Keep walking to reach the steep rue Ravignan, home of the Bateau-Lavoir, the most famous artistic creation hub, living and exhibition space for painters, writers, collectors, and actors. The place where Pablo Picasso painted Les Demoiselles d’Avignon and where Modigliani spent a very prolific period. Unfortunately, a fire destroyed it in 1970, and now only a “memory window” remains.
Once here, I usually go back to the oh too popular Place du Tertre, passing by rue des Trois Frères and the Maison Colignon, the most photographed grocery store ever due to Amélie Poulin’s fame. Well, actually, I don’t follow this itinerary cause of Amélie, but for my friend Eric who lives in that building with his lovely family…

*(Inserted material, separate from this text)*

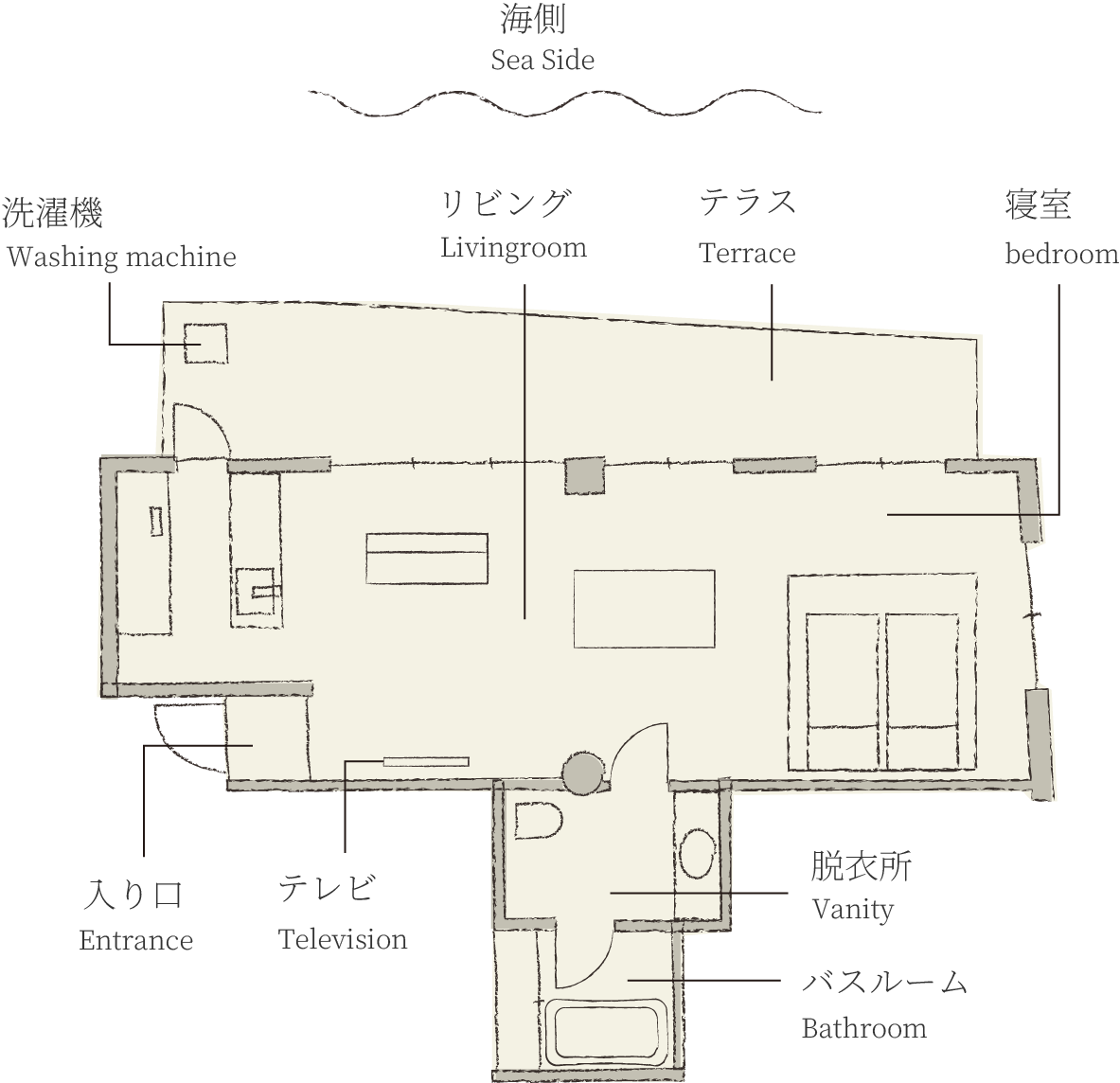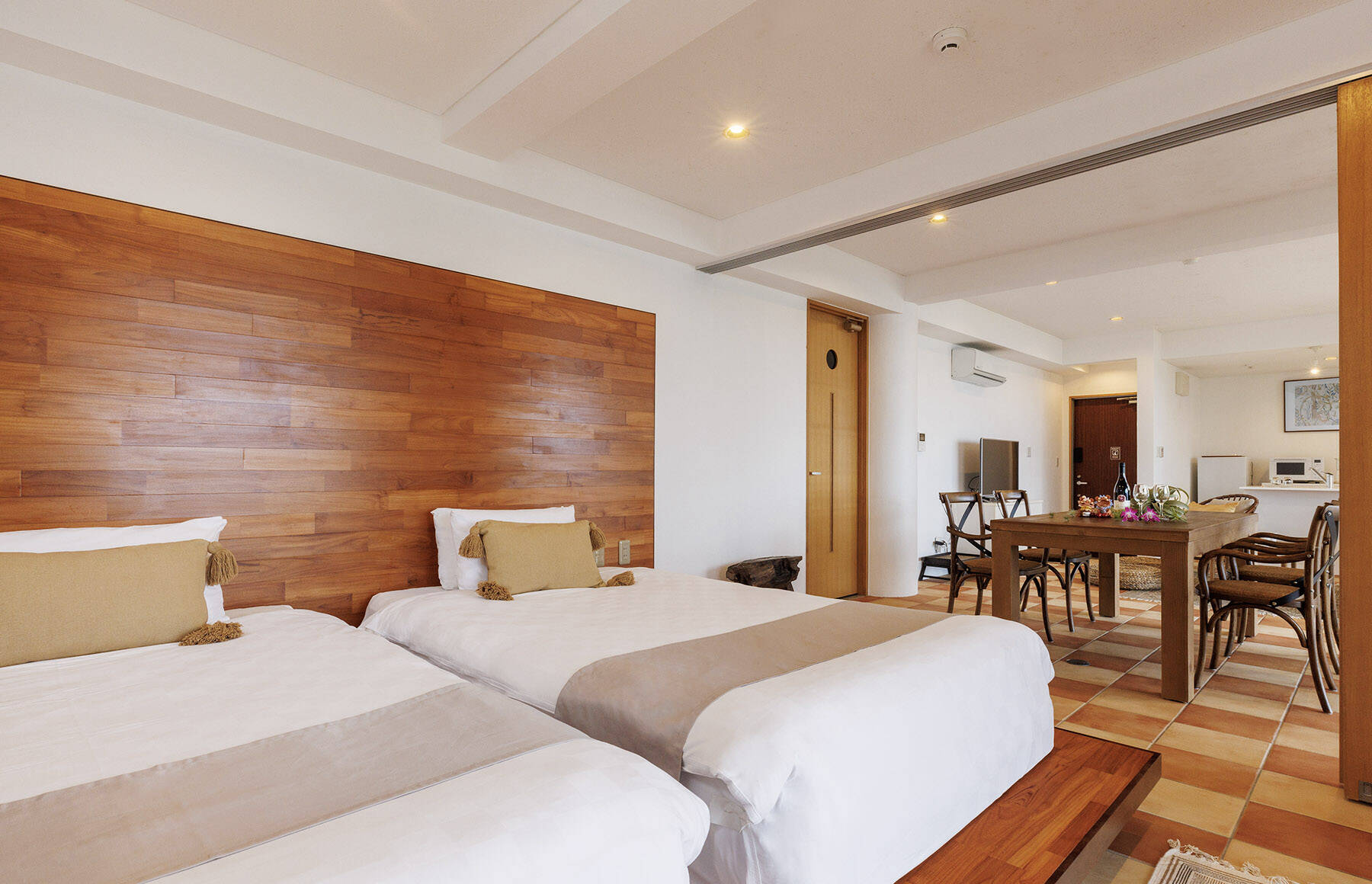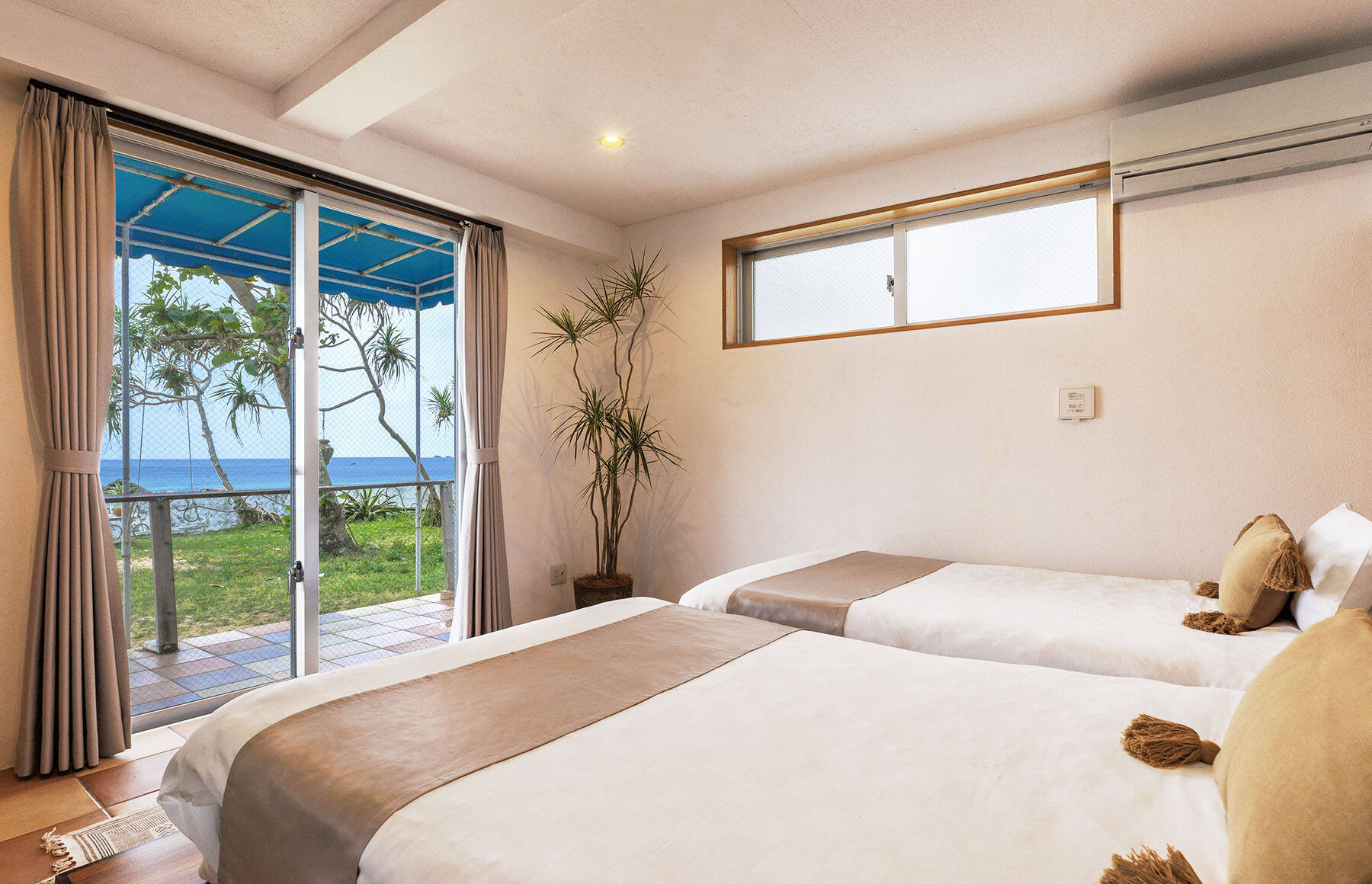 海に向かって間口が広く、ベッドルームからもビーチを眺めることができるお部屋。

Once on the square, which is usually overcrowded with tourist and portraitists and caricaturists of any level and origin, I tend to feel strangely uncomfortable and quickly walk to the Sacre Coeur, always worth a visit, but especially around 5:30 p.m., when its immaculate walls vibrate to the sound of the choir of nuns’ voices. Very touching.
Leaving the basilica, after moments of enchantment in front of the beauty of Paris, you have two options: walking down the steps to take the underground in Anvers to close the circle virtually, or walking backward to Place des Abesses for some cool shopping and a quiet dinner in one of my favorite Parisian bistro 😉
Oh, I miss so much walking in Montmartre!